Please set down the lines of the listing exactly, from its first line to the line with "昨日は給水ホースを運ぶ練習をしました。消防車についても教えてもらっていました。", leaving the pictures out.

### MATERIAL FOR THE TASK

- Opening Delimiter -

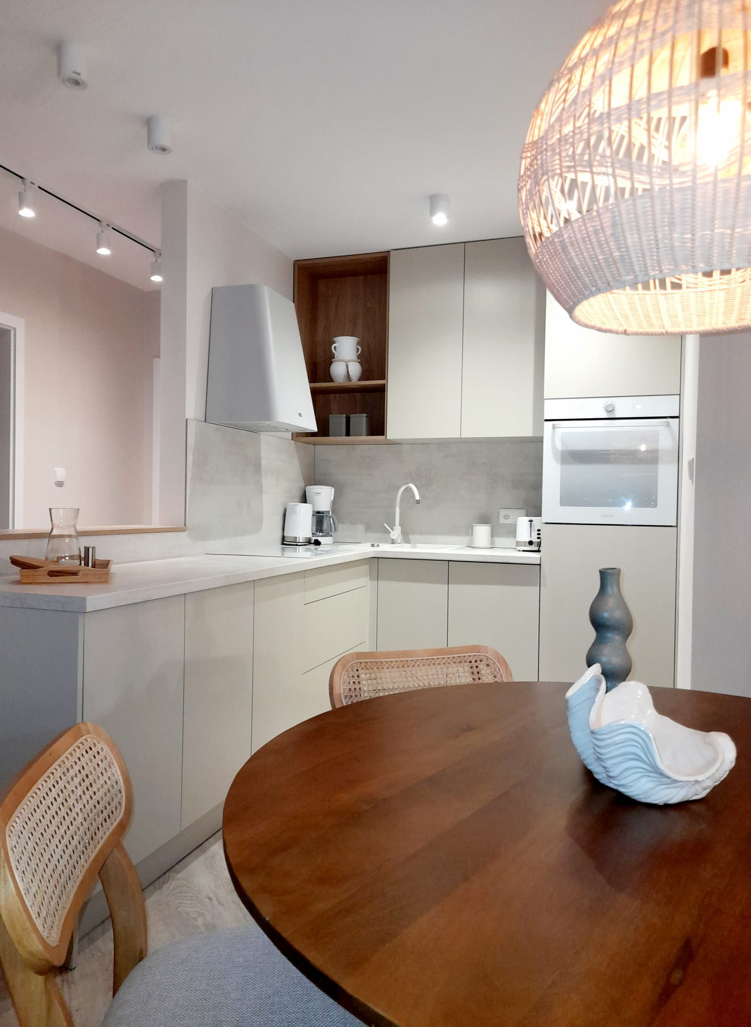 – aneks kuchenny: lodówka, podstawowe naczynia, płyta grzewcza, czajnik bezprzewodowy, kuchenka mikrofalowa, stół kuchenny, krzesełko do karmienia dzieci,
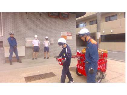 昨日は給水ホースを運ぶ練習をしました。消防車についても教えてもらっていました。
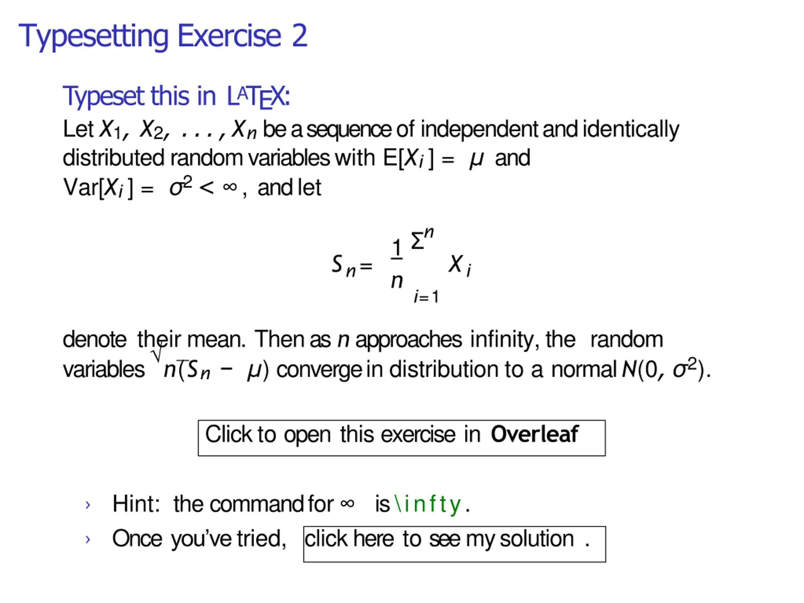 Typesetting Exercise 2 Typeset this in LATEX: Let X1, X2, . . . , Xn be a sequence of independent and identically distributed random variables with E[Xi ] = and Var[Xi ] = 2 < , and let n 1 n S = Xi n i=1 denote their mean. Then as n approaches infinity, the random variables n(Sn ) converge in distribution to a normal N(0, 2). Click to open this exercise in Overleaf Hint: the command for is\infty. Once you ve tried, click here to see my solution .
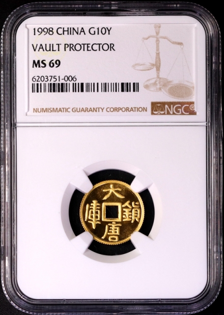 1998年1/10盎司大唐镇库金币 NGC MS69,发行量:6万。色泽金黄,状态优秀。附带证书,证书号码:56794。无包装估价:1500--2000
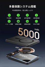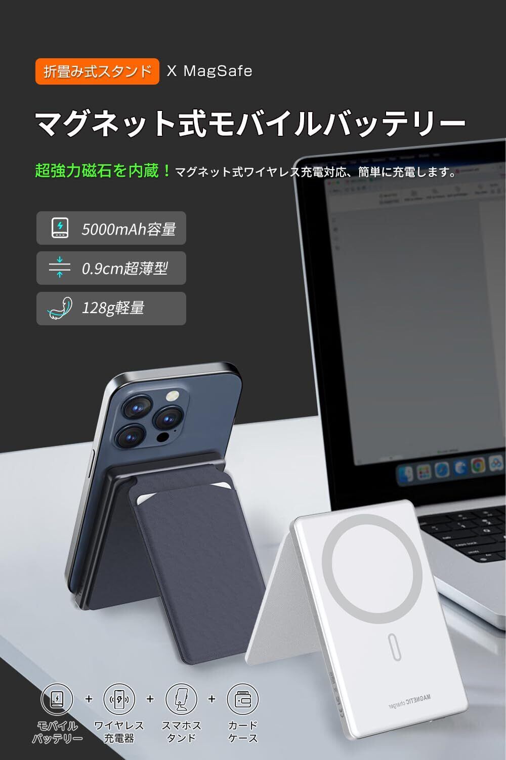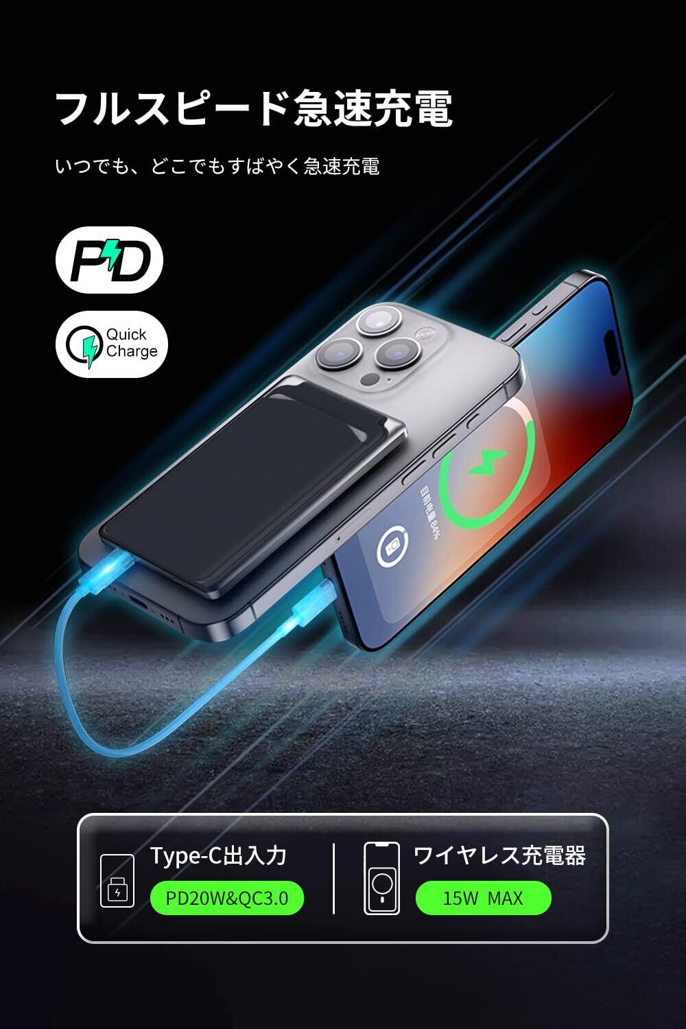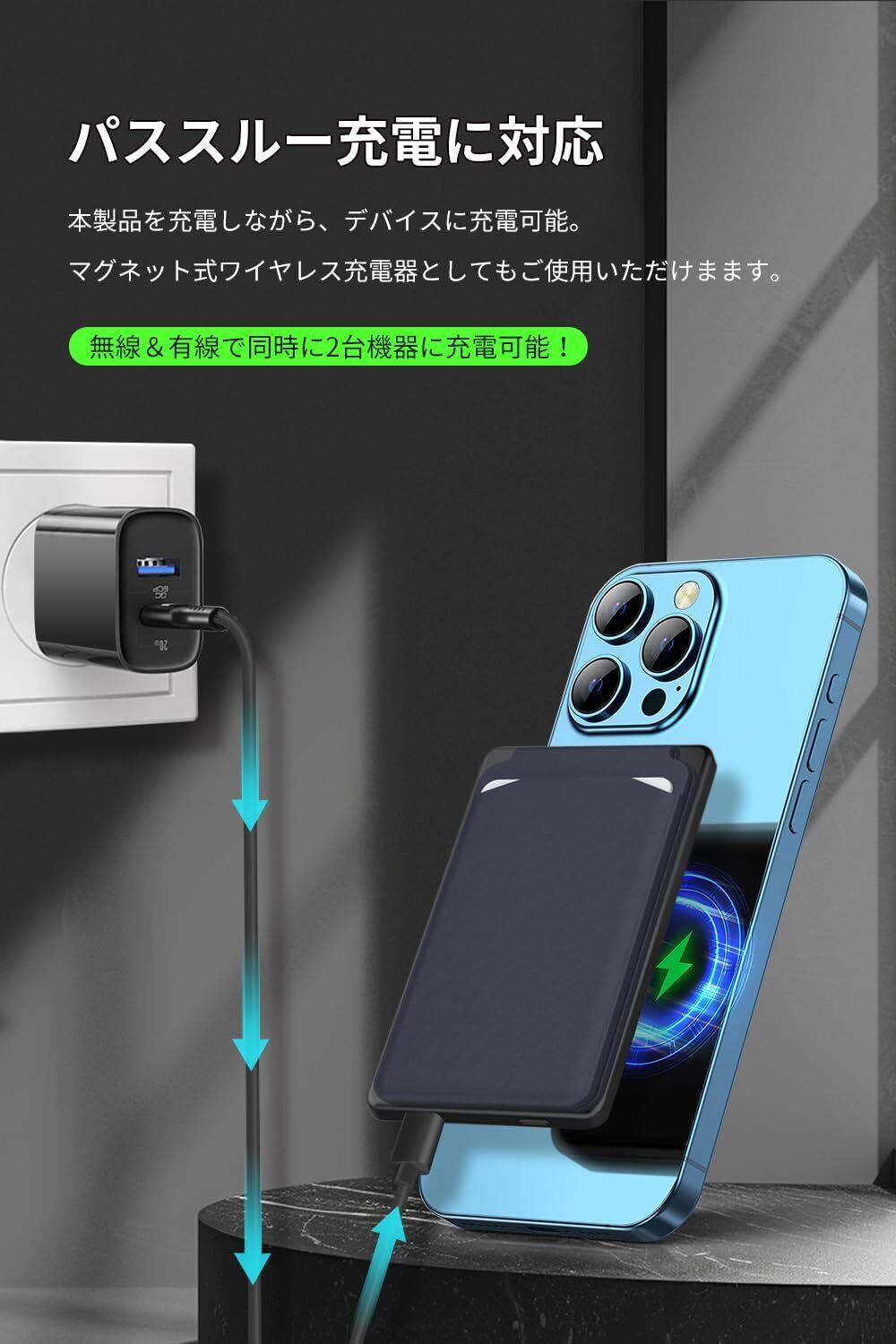 モバイルバッテリー magsafe向け マグセーフ充電器 5000mAh 小型 PUスマホスタンド マグネット式【9mm超薄型/PD20W急速/PUカードケース付き/USB-C入出力/PSE認証】ワイヤレス モバイル バッテリー スマホ充電器 LED残量表示 iPhone/Android/AirPods対応 旅行&出張 (黒)

- Closing Delimiter -

### RESPONSE AREA
 – aneks kuchenny: lodówka, podstawowe naczynia, płyta grzewcza, czajnik bezprzewodowy, kuchenka mikrofalowa, stół kuchenny, krzesełko do karmienia dzieci,
 昨日は給水ホースを運ぶ練習をしました。消防車についても教えてもらっていました。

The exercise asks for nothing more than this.